Dating is Hell (or, Alternatively, Heaven) | March 2008
Can we agree that dating is often miserable and messed up, but necessary and unavoidable?
If you look to Barnes and Noble, you'll find endless books targeting women's challenging quest for the perfect man and more rarified books targeting men's search for sex with beautiful women (only to discover, as one author of such a book famously did, that-hard as it is to imagine up front-even that has debilitating limitations).
Churches operate with a different and even more-complex set of rules. On the one hand, churches provide an enviable and unique service in that those churches which attract a younger crowd are one of the few places society offers where one might meet a spouse of a certain character. And yet were it only so simple as that.
The key problem facing those who date within a church context is that, if the dating goes badly, the person you've dated is still in the same room every Sunday. A casual trip to the movies that doesn't lead to a follow-up date turns awkward when you see that person every week and know a fair amount of their friends. And that doesn't quite cover the serious relationship gone seriously awry. The strengths the church brings to the table of a rich and safe social context also turn out to be its difficulties.
And so one common response is frozen fear. Men-already, in most cases, coming to terms with a deeper-than-previously-understood fundamental passivity-aren't prepared to risk ostracism by becoming the jerk who invited Jane out but then didn't have the decency to call her again. And so many men wait for an unmistakable sign that that beautiful stranger across the room is The One before making a move. Unmistakable Signs being in the short supply that they are, that can mean lots of Saturday nights with the guys. And we haven't even addressed the garden variety fear of rejection.
Women, of course, could take initiative themselves. But this brings its own set of complexities in the average church and so is customarily untried.
Books, of course, have been written on the church side of things. A big-seller from a few years back, Joshua Harris' I Kissed Dating Goodbye, addressed these fears by legitimating them, suggesting that dating was a secular concept anyway and therefore one begging for pain, abuse and ungodliness. The alternative was the earlier concept of courtship. In my experience, the outcome of taking Harris to heart was that the few men who might have asked out a woman in their church now opted against it.
And so we're back with the mess, which might not be the worst thing.
I do know a few churches which have taken this on directly and liked the result.
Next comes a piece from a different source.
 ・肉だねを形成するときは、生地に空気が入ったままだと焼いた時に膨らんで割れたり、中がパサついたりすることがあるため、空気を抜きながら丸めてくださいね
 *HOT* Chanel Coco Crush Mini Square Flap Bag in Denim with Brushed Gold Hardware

One pastor I know asked his young congregation from the pulpit why they weren't dating each other and then encouraged them to get past their fears, grow up, and take some chances. (Some months later, when slammed with more marriages than any one pastor could reasonably perform, I'm told that he-one hopes good-naturedly-complained on that front.)
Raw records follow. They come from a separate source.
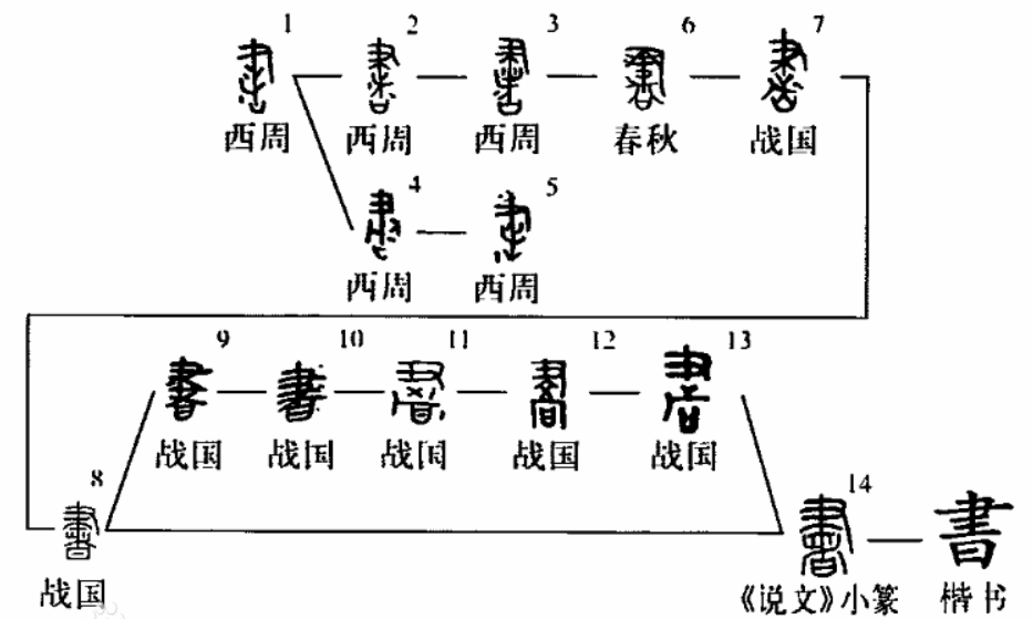 金文的“书”字承接金文,只是在“持笔之手”和“口”之间增添了一些点画,演变为“从聿从者”的会意字。“者”的本义源自以“漆”涂刷器皿,这里用其“涂刷”之义,表示用笔墨记录语言。小篆的“书”字与金文构形相同,形体更为美观匀整,楷书缘此写作“書”,现今简化为“书”。
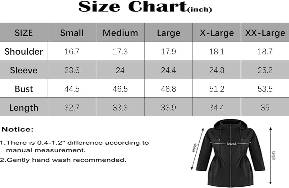 سهل التنظيف والعناية: معطف المطر مقاوم للتجاعيد وسهل التنظيف. ببساطة قم بغسله يدويًا في درجة حرارة منخفضة أو بالتنظيف الجاف للحصول على العناية والصيانة المثالية.
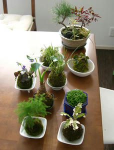 最近、我が家で増殖中のコケ玉盆栽。毎日スプレーで水をかけては眺めてます。
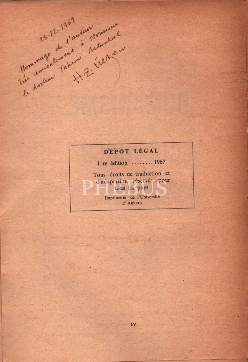 Hilmi Ziya Ülken´den ithaflı ve imzalı HUMANISME DES CULTURES, Ankara Üniversitesi İlâhiyat Fakültesi Yayınları, 1967, 216 sayfa, 17x24 cm
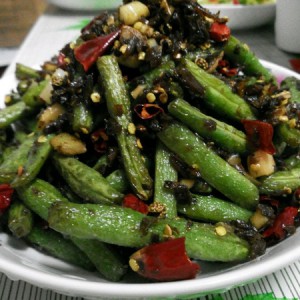 油没过锅底预热,用大火加入四季豆不停翻炒,炒至四季豆表面略带黄色,干煸状态。转入小火,加姜蒜末(不要太细,粗点更好),等到有蒜香即可加入干辣椒花椒,再放入盐,味精,就可装盘。
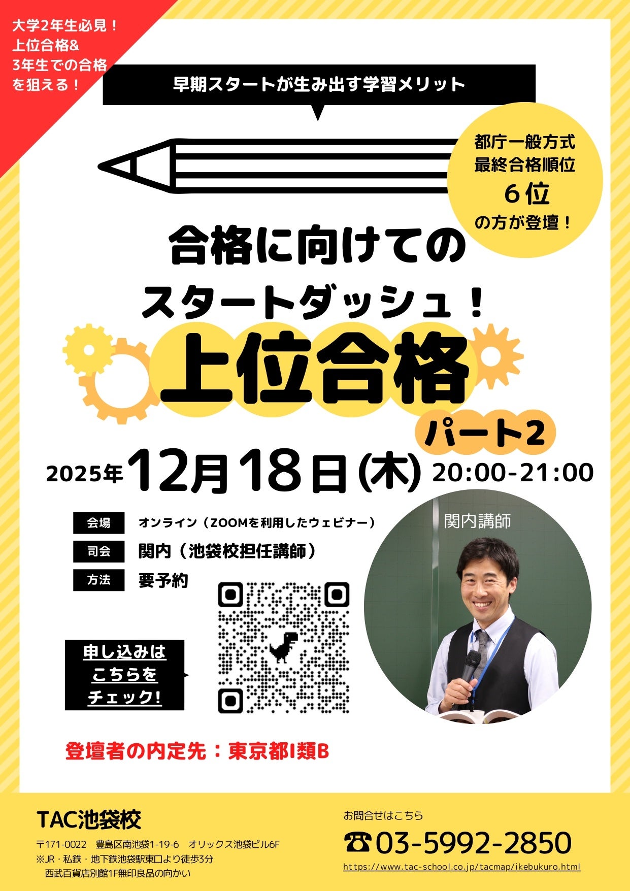 資格の学校TACは、2025年12月18日(木)20時〜21時に、公務員試験の上位合格を目指す大学2年生を主な対象としたオンラインイベント「合格に向けてのスタートダッシュ!公務員試験上位合格への道 パート2」を開催します。参加費は無料で、Zoomを利用した配信形式です。終了後には質問・相談の時間も設けられます。

There are some agreed-upon safety tips to this approach. We do our best to honor the other person in all respects. We don't go into hiding with our new love and shun our friends (and their opinions on our new love). We agree up front that the object of dating is to discover if this person is someone we'd like to marry. We concede that godliness as we date is a good idea, and worth the challenges of sticking to it.
But then we embrace the thought that awkwardness is not the worst thing and that, hard as it might be to picture, there may well be irreplaceable opportunities for growth that this kind of dating might offer us.
Maybe if we run across that person we dated only once, we smile, chat briefly and keep moving, recognizing that there are worse things. If we-perish the thought-go through a painful breakup, we embrace the reality that part of our way through that breakup will be negotiating how we hope to handle the awkwardness of remaining in the same church. If the church offers multiple services, perhaps we agree to go to different ones. If not, perhaps we talk about where we might sit and how neither expects the other to engage in deep conversation when our paths cross in the lobby. And it's assumed that there will be some agreement on the twin tensions of (a) finding a place where we can honestly process our emotions about the relationship and (b) avoiding widespread slander of the other person.
But, in the cold light of day, don't those things seem like reasonable steps towards adulthood? And adulthood has a lot of freedoms to offer that we can never experience until we get there.
So, with all that in mind, to paraphrase my pastor friend (presuming-I'm hoping we agree on this-that you're unmarried): Ready, set, date!